*Task instructions*:
Please copy all of the entries exactly, but drop every picture.

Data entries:
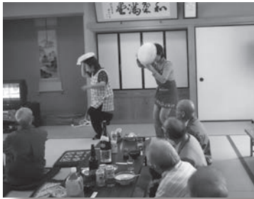
息の合った演芸で盛り上がる
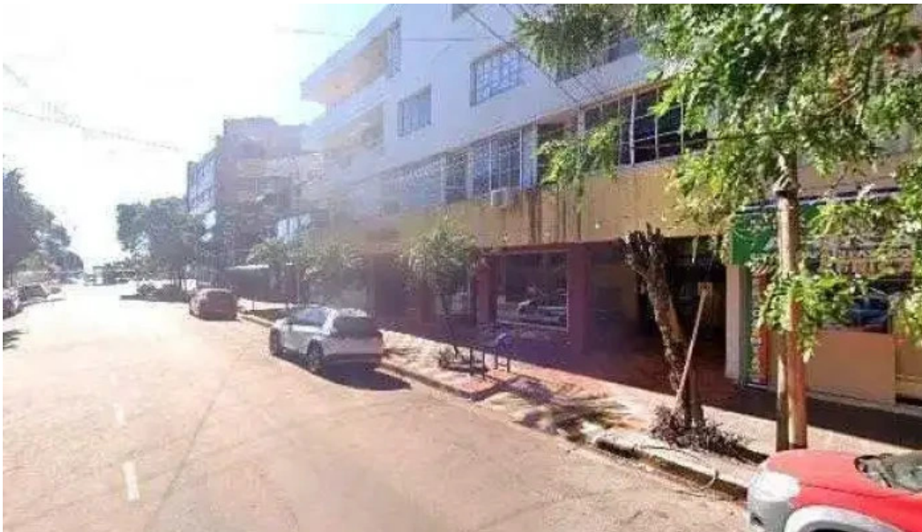
Crediser sucursal obero opiniones
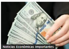
Noticias Económicas Importantes

Dólar hoy en Colombia tocó un mínimo de $4.082, pero se movió al alza al final de la jornada
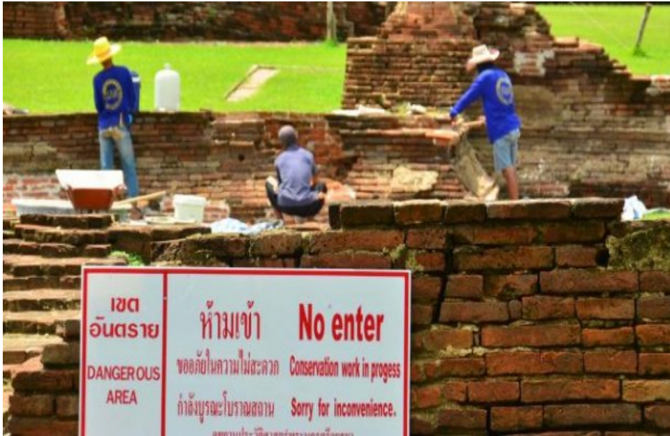
ภาพที่ 3 การเสริมฐานล่างโบราณสถาน
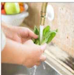
흐르는 물에 3회 이상 세척
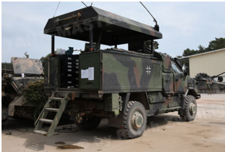
Dingo 2 GE C1 GSI (196).JPG
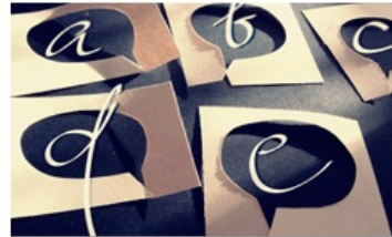
Gimtoji ir valstybinė kalba
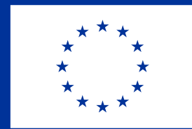
Euroopan unionin rahoittama
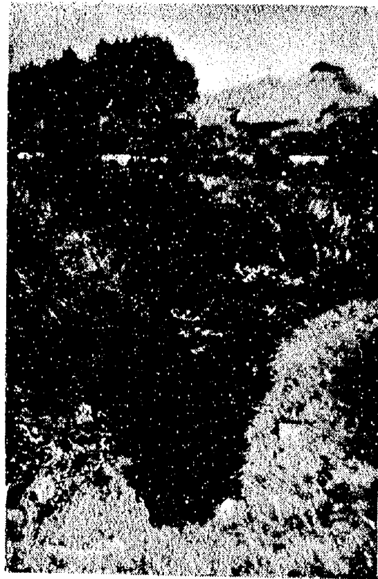
雨宮中将戦死の壕
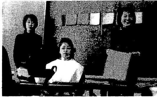
その人に合った色とメイクでより美しく、心ゆたかに

緑Ⅱ判断力・平和・やすらぎ 赤Ⅱ行動力・情熱・よろこび 黄Ⅱ計画力・計算力・健康 紫Ⅱ不安定・高貴・神秘 茶Ⅱ保守性・安定・まじめ (変化を恐れない)
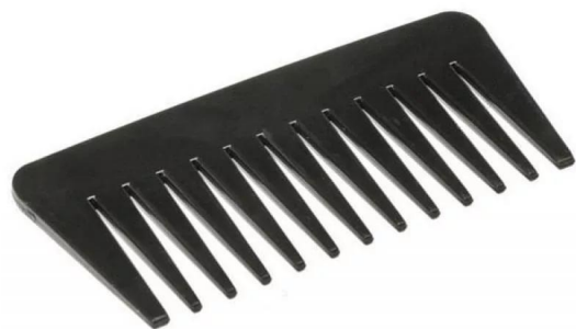
Расческа с редкими зубьями
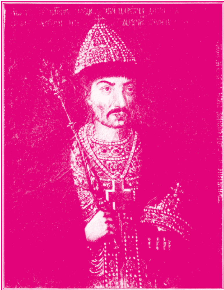
Царь Борис Феодорович Годунов
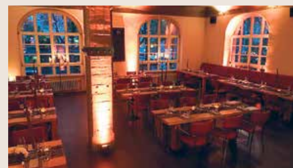
Die gemütliche Atmosphäre des Restaurants im Orfeo's Erben.

Kulturbegeisterte und Genießer finden im Orfeo's Erben in Frankfurt-Bockenheim eine einzigartige Kombination aus Kino, Restaurant und Bar. Diese außergewöhnliche Location bietet Besuchern ein vielseitiges Erlebnis in einem stilvollen Ambiente. Das State-of-the-Art Kino mit Wohnzimmeratmosphäre zeigt ausgewählte Filme, während das Restaurant gehobene Gastronomie serviert. Gäste können einen Abend mit einem exquisiten Dinner beginnen und anschließend einen Film genießen oder umgekehrt. Die Bar lädt zum Verweilen und Diskutieren über das Gesehene ein. Orfeo's Erben ist nicht nur für Privatpersonen attraktiv, sondern eignet sich auch hervorragend für Firmenevents oder Seminare. Besucher sollten vorab die Verfügbarkeit prüfen und reservieren, da die Location oft ausgebucht ist.
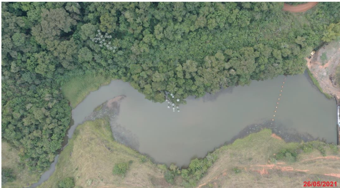
Foto 1: Vista do reservatório da CGH Santa Cecília, margem direita (do empreendedor) com cobertura florestal e margem esquerda (de terceiros) com áreas de pastagem.
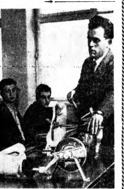
орон дотор байгуулагданхай. Зураг дээрэ: Млада-Болеслав городской техникумэй һурагшад дүүргэлгын экзаменуудта бэлдэхэ байна.

МАЯ ТОО ТОЛГОЙ ОЛОШОРНО ХУДАРЕТ. Румынин «малшад» үшнэ хахад жэлэй туршда шалта туйлаа. Тэдэнэр 560 хүн үлгээртэ үнэж, гахай, хонь, шалхан тэргалуулан байн. Мунөө үедэ эбэртэ бодо мунөө тоо 1 миллион 150 мянган хүн хүртээр ургаа. Энэнь 1951 оной февраль һартай сартада 92100 толгойгоор болго.
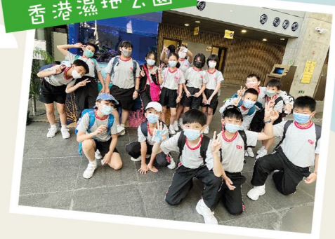
五年級 香港濕地公園
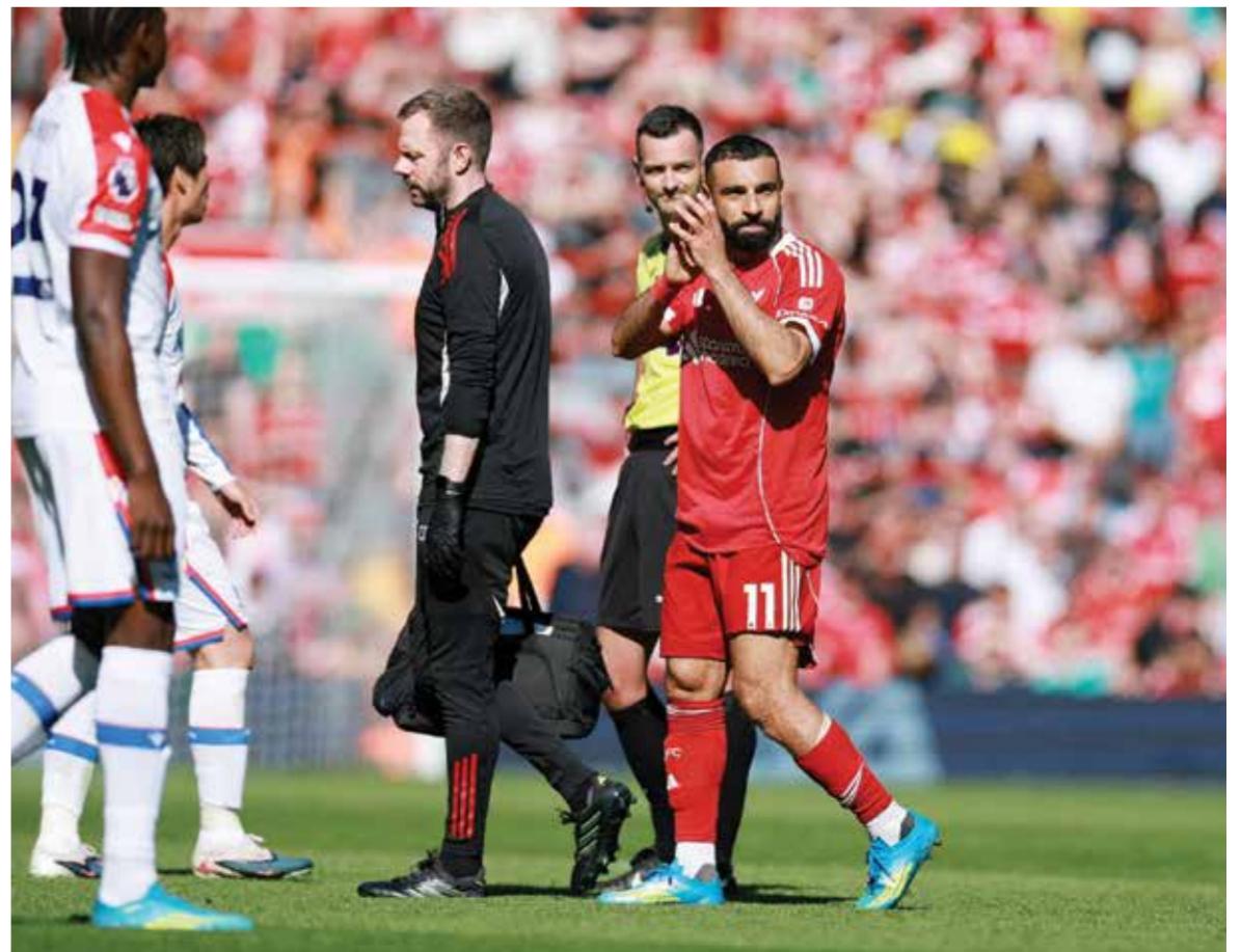
○ محمد صلاح.

ورغم قلة أهدافه هذا الموسم التي توقفت عند 7 أهداف، والتقارير التي أشارت إلى وجود خلافات مع سلوت بسبب استبعاده من التشكيل الأساسي في عدة مناسبات، أبدى المدرب الهولندي أمله في أن تساهم احترافية صلاح العالية واهتمامه بلياقته البدنية في تقليص مدة غيابه، بانتظار التشخيص النهائي الذي سيحدد فرصه في اللحاق بمباريات الموسم الأخيرة أو معسكرات المنتخب المصري القادمة.

*Written answer*:
息の合った演芸で盛り上がる
Crediser sucursal obero opiniones
Noticias Económicas Importantes

Dólar hoy en Colombia tocó un mínimo de $4.082, pero se movió al alza al final de la jornada
ภาพที่ 3 การเสริมฐานล่างโบราณสถาน
흐르는 물에 3회 이상 세척
Dingo 2 GE C1 GSI (196).JPG
Gimtoji ir valstybinė kalba
Euroopan unionin rahoittama
雨宮中将戦死の壕
その人に合った色とメイクでより美しく、心ゆたかに

緑Ⅱ判断力・平和・やすらぎ 赤Ⅱ行動力・情熱・よろこび 黄Ⅱ計画力・計算力・健康 紫Ⅱ不安定・高貴・神秘 茶Ⅱ保守性・安定・まじめ (変化を恐れない)
Расческа с редкими зубьями
Царь Борис Феодорович Годунов
Die gemütliche Atmosphäre des Restaurants im Orfeo's Erben.

Kulturbegeisterte und Genießer finden im Orfeo's Erben in Frankfurt-Bockenheim eine einzigartige Kombination aus Kino, Restaurant und Bar. Diese außergewöhnliche Location bietet Besuchern ein vielseitiges Erlebnis in einem stilvollen Ambiente. Das State-of-the-Art Kino mit Wohnzimmeratmosphäre zeigt ausgewählte Filme, während das Restaurant gehobene Gastronomie serviert. Gäste können einen Abend mit einem exquisiten Dinner beginnen und anschließend einen Film genießen oder umgekehrt. Die Bar lädt zum Verweilen und Diskutieren über das Gesehene ein. Orfeo's Erben ist nicht nur für Privatpersonen attraktiv, sondern eignet sich auch hervorragend für Firmenevents oder Seminare. Besucher sollten vorab die Verfügbarkeit prüfen und reservieren, da die Location oft ausgebucht ist.
Foto 1: Vista do reservatório da CGH Santa Cecília, margem direita (do empreendedor) com cobertura florestal e margem esquerda (de terceiros) com áreas de pastagem.
орон дотор байгуулагданхай. Зураг дээрэ: Млада-Болеслав городской техникумэй һурагшад дүүргэлгын экзаменуудта бэлдэхэ байна.

МАЯ ТОО ТОЛГОЙ ОЛОШОРНО ХУДАРЕТ. Румынин «малшад» үшнэ хахад жэлэй туршда шалта туйлаа. Тэдэнэр 560 хүн үлгээртэ үнэж, гахай, хонь, шалхан тэргалуулан байн. Мунөө үедэ эбэртэ бодо мунөө тоо 1 миллион 150 мянган хүн хүртээр ургаа. Энэнь 1951 оной февраль һартай сартада 92100 толгойгоор болго.
五年級 香港濕地公園
○ محمد صلاح.

ورغم قلة أهدافه هذا الموسم التي توقفت عند 7 أهداف، والتقارير التي أشارت إلى وجود خلافات مع سلوت بسبب استبعاده من التشكيل الأساسي في عدة مناسبات، أبدى المدرب الهولندي أمله في أن تساهم احترافية صلاح العالية واهتمامه بلياقته البدنية في تقليص مدة غيابه، بانتظار التشخيص النهائي الذي سيحدد فرصه في اللحاق بمباريات الموسم الأخيرة أو معسكرات المنتخب المصري القادمة.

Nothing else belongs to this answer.